I still don't think it is reasonable to feel hurt because of someone else's ignorance, and the fact that they _were trying to do it properly_. They were obviously trying do clap where it appropriate in a classical concert to feel hurt by that...


----------



## Kezza (May 13, 2008)

Our conductor had to turn around and show them that they were supposed to clap, it was also all written out in the program so all they had to do was read a line or two.


----------



## Rondo (Jul 11, 2007)

I have seen this happen at concerts before. Ironically, the audience here obviously had no trouble.


----------



## confuoco (Feb 8, 2008)

Kezza said:


> I had a terrible night at our end of year concert.


I understand your dissapoitment, but what is for me the most surprising and even shocking at this case, is that audience (or at least part of it) didn't recognize the end of such popular and widely known work as Dvorak's Symphony No. 9 certainly is...hard to believe that they were truly waiting for the next movement...is there some possibility, that they just weren't satisfied with your performance? < 

If not, it is really strange...do you offer program notes on your concerts to allow people to be acquainted with work?


----------



## Guest (Dec 21, 2008)

Kezza said:


> Our conductor had to turn around and show them that they were supposed to clap, it was also all written out in the program so all they had to do was read a line or two.

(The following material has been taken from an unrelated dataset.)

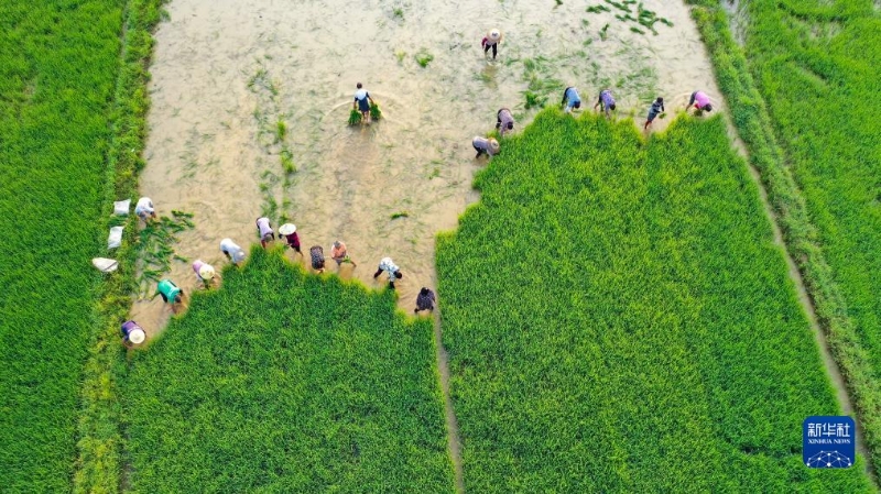 8月8日,在湖南省常寧市板橋鎮(zhèn)樟塘村,農(nóng)民在起晚稻秧苗(無人機照片)。
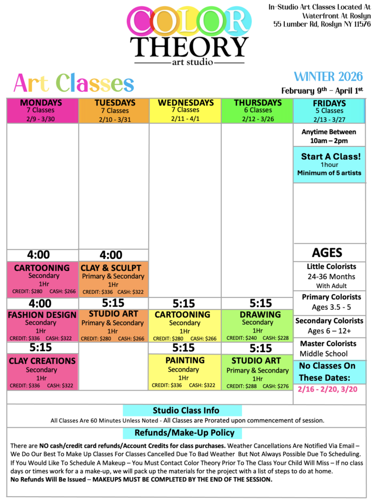 WINTER 2026 STUDIO SCHEDULE

What kind of concert was it? what were the pieces played? and were they an audience new to this kind of music ?


----------



## Orgel (Dec 29, 2006)

*Applause*

I'm enjoying this thread about applauding or not applauding, when, where, etc. I believe that the "custom" in the US is not to applaud between movements, but it is fine in Europe. Contrarily, people applaud at any time they want during the ballet, sometimes even egging the spiraling dancer to continue.

A few years ago in Seattle we had a noted pianist who, at the end of the first movement of a piano concerto (can't remember the name of either), practically flung himself off the bench as he put his English on the last chord. Nearly the entire audience gave a roaring standing ovation.


----------



## Kezza (May 13, 2008)

It is just a community orchestra that isn't too crash hot, our conductor is very awesome and very experienced, rumoured to have been a 1st violinist in LSO at one stage.
But the Audiece applauded after R-Ks Russian Easter Festival and after Mozarts 3rd Horn Concerto (but not between movements mind you) but after Dvorak they just sat there silently, it wasn't Isreali Phil but it wasn't "The really terrrible orchestra" from I think scotland either. We have a couple of weak sections but them alone wouldn't condone absolute 0 applause. It was good and enjoyable so I just don't understand!!


----------



## Kezza (May 13, 2008)

Andante said:


> What kind of concert was it? what were the pieces played? and were they an audience new to this kind of music ?


And it was a concert that we put on just for people to come listen to us.


----------